Vision-based autonomous terrain classification

The ARL is a division of the US Army. David Baran, Computer Engineer and team lead at ARL, is heading up their latest project: develop and field test a novel terrain classifier algorithm to visually identify different terrains and enable the unmanned vehicle to choose – or stay on – the optimal path.

The traditional method of labeling data points for terrain classification require that a robot’s vision system draw polygons and outlines all pixels in its field of view. This process is tedious and inefficient because the system must categorize each identified data point individually. Now, however, Baran and his team have developed a vision-based autonomous terrain classification. This new method allows the robot to observe the ground with cameras, establish associated risks, and navigate along the optimal path. “We want the robot to stay on the sidewalk or a trail instead of a potentially shorter path that leads to its goal,” explains Baran. “…instead of driving across a field and a path, the vehicle can recognize the grouped pixels representing the path and navigate to stay on it.”

Fork in the road? No problem!

arl blog 2The ARL process uses unsupervised machine learning to make clusters for grouping similar-looking concepts in an image, and then presents the user with a large cluster of superpixels (similar regions) which can be grouped with a single label. Training these classifiers uses far less operator effort to generate training data. In other words, Husky is able to distinguish between paths, vegetation and other terrain classification with no human input. The processing is all done on-board the robot by itself.

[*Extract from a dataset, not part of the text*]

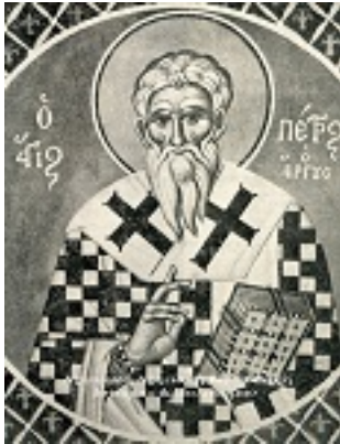
Άγιος Πέτρος ο Θαυματουργός Αρχιεπίσκοπος Άργους και Ναυπλίου - Φώτης Κόντογλου
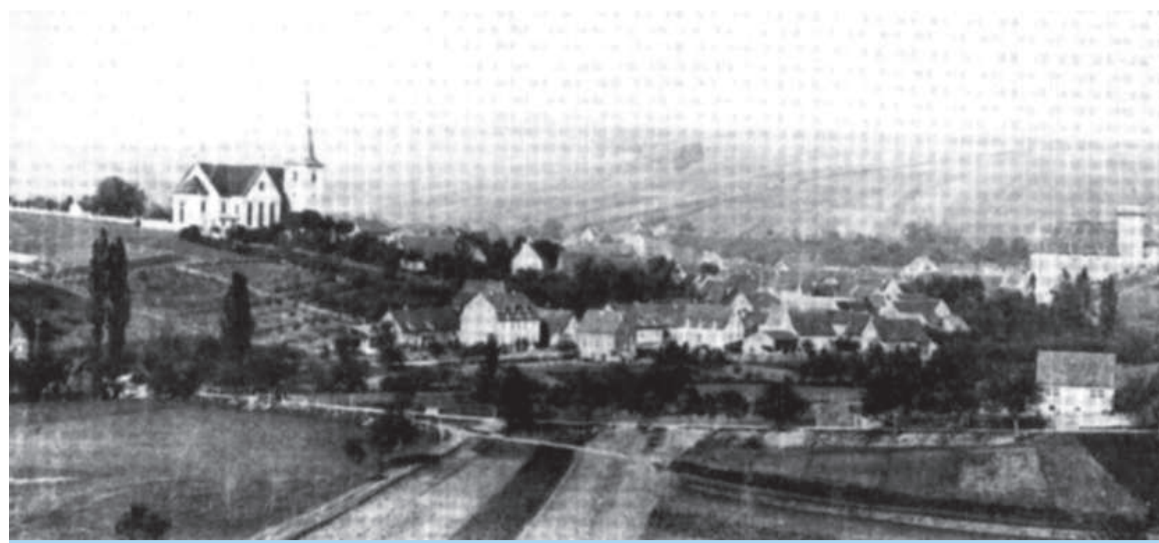
Blick auf Rimpar von Süden um 1900 ....

Der knapp 200 m hohe Scheuerberg bietet von Süden einen guten Überblick über Rimpar. Dahinter sieht man den Anstieg zum Gramschatzer Wald mit dem Großen Leimig (ca. 350 m Höhe). Der Scheuerberg wurde 1719 gerodet und erstmals mit Getreide eingesät. Neben der Landwirtschaft und den Mühlen im Pleichachtal waren Ziegelhütten und Kalkbrennereien weitere

Baran’s team has two Huskies: one running the traditional training approach (which draws polygons and maps pixels), and another with the new visual terrain classification method. Using both robots simultaneously, they can test whether or not any errors in the new method of training are inconsequential.

Ready for rugged terrain

The ARL team needed a rugged mobile robot for their work, and one that could easily integrate with a variety of sensors. Husky runs ROS out of the box, so it was easy to integrate two Nano ITXes (one for navigation and autonomy, the other for vision processing), a Preslica high-resolution scientific camera, and a Velodyne laser scanner for obstacle avoidance. “The platform is rugged enough to handle on-road and off-road situations, so it’s the one we’re using to prove out our results.”